Meu pai que muito se alegrava e se orgulhava de outros gols que marquei: meu casamento, o nascimento dos netos, o livro que publiquei (e que soube que estava na estante da sala da casa dele até os dias de hoje), a casa que estou residindo. Meu pai que me ensinou a andar de bicicleta, que me ensinou a dirigir um FIAT 147, que me ensinou a me barbear, que me orientou sexualmente, que me ensinou a fazer o nó de espulador. Meu pai que era meu único confidente, com quem eu conseguia forças para externar meus problemas, minhas angústias, minhas dúvidas e de quem sempre recebia uma palavra de sabedoria, um conselho valioso.
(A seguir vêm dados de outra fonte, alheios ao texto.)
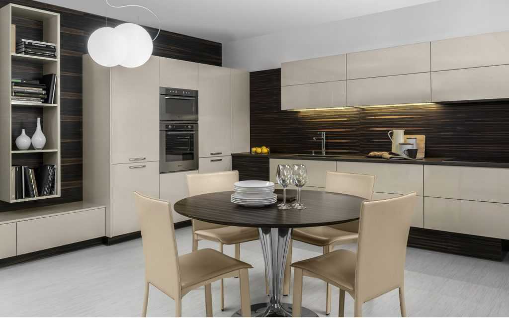 удобное оснащение – еще один признак современной кухни. Выбирайте мебель, удобную в использовании, имеющую выдвижные ящики, полки с вращающимся механизмом, детали с возможностями трансформации. Так вы не только сможете существенно сэкономить время на поиск нужных кухонных принадлежностей, но и освободите максимум пространства;
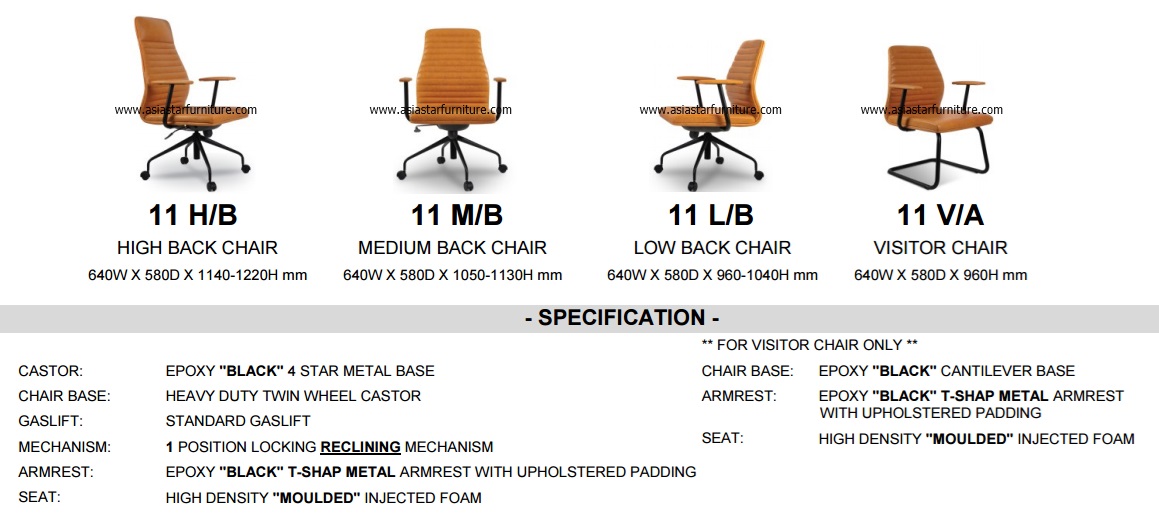 | CLASSICOR 11 HB | 640W X 580D X 1140-1220H mm | Executive, CEO |

Meu pai que no leito de enfermidade conseguiu reunir os 5 filhos como nunca estiveram unidos. Que emocionou os médicos por sua força e vontade de viver. Que levou esses médicos às lágrimas e alguns a temer mais a Deus. Meu pai que me deu um último conselho valioso: procure um bom médico, faça todos os exames regularmente para que você não chegue nesse estado tão cedo. Meu pai que pediu para que eu cuidasse do irmão caçula. E que, por ironia de Deus, foram eu e ele os últimos a estarem com ele naquela UTI, ele já em coma, mas certamente nos ouvindo em suas últimas 5 horas de vida.
Meu pai que eu poderia ter curtido mais. Meu pai nunca ausente, mesmo 28 anos depois dele ter saído de casa. Meu pai que eu teria ter estado mais presente. Meu pai que me ensinou a jogar botão. Meu pai que soube jogar como ninguém o jogo da vida.